_Task to complete_. Pictures in the data should be dropped; transcribe exactly the lines from the one that has "A model shows" through the one that has "直接上传并共享到PowerP".

_Raw data_.

*****

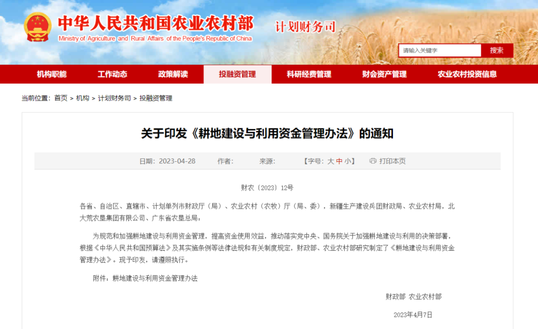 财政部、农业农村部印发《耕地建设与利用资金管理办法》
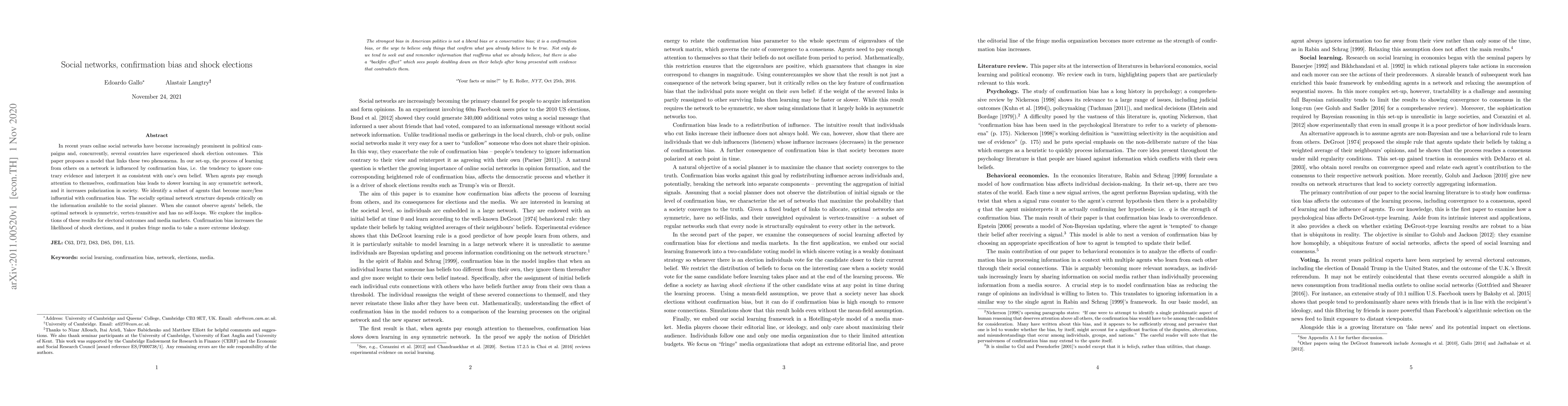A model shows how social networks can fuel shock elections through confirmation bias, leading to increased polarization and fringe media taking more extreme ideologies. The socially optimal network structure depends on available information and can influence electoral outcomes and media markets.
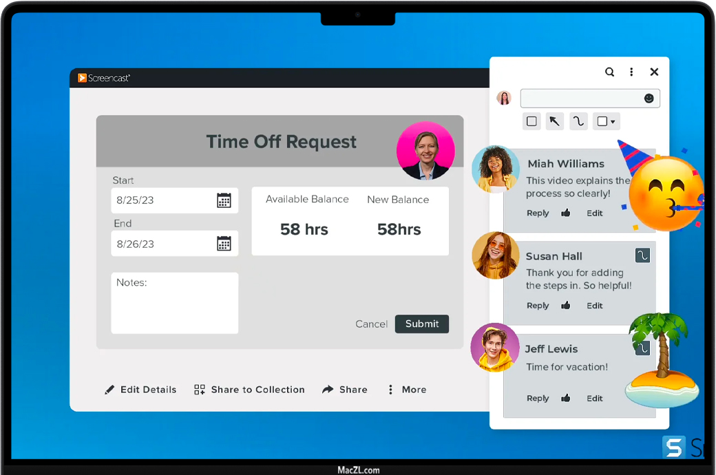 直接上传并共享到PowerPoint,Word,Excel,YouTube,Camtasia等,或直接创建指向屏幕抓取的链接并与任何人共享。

*****

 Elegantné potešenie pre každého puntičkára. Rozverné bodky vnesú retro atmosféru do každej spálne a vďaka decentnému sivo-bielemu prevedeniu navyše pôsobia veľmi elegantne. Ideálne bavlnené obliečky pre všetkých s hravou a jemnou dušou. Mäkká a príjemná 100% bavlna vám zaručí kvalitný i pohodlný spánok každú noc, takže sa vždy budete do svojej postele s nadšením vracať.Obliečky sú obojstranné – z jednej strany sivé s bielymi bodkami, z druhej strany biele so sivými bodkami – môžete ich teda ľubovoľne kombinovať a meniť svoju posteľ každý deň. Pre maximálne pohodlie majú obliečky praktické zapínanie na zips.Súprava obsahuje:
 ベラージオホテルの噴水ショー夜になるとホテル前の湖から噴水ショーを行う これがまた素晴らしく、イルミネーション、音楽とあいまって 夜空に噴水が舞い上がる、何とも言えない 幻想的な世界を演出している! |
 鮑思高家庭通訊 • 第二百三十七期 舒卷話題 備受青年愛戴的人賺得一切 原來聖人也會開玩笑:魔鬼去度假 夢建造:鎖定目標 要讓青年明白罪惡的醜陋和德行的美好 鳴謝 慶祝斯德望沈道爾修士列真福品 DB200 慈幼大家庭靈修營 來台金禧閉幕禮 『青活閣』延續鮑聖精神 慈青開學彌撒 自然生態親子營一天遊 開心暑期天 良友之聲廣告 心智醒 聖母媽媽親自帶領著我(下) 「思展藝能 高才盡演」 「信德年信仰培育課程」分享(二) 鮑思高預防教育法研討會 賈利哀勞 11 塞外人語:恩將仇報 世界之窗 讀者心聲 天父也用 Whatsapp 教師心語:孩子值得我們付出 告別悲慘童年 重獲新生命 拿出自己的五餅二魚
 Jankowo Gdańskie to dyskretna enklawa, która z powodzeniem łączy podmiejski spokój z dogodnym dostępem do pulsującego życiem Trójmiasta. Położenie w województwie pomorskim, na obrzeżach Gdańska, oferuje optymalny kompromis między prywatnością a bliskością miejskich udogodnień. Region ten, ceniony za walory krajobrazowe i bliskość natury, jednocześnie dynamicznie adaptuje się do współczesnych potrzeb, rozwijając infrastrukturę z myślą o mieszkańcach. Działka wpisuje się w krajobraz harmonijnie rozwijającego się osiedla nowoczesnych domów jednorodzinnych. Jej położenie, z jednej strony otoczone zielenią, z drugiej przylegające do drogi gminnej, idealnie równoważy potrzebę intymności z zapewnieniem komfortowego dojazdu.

*****

_Solution to the problem_.
A model shows how social networks can fuel shock elections through confirmation bias, leading to increased polarization and fringe media taking more extreme ideologies. The socially optimal network structure depends on available information and can influence electoral outcomes and media markets.
 直接上传并共享到PowerPoint,Word,Excel,YouTube,Camtasia等,或直接创建指向屏幕抓取的链接并与任何人共享。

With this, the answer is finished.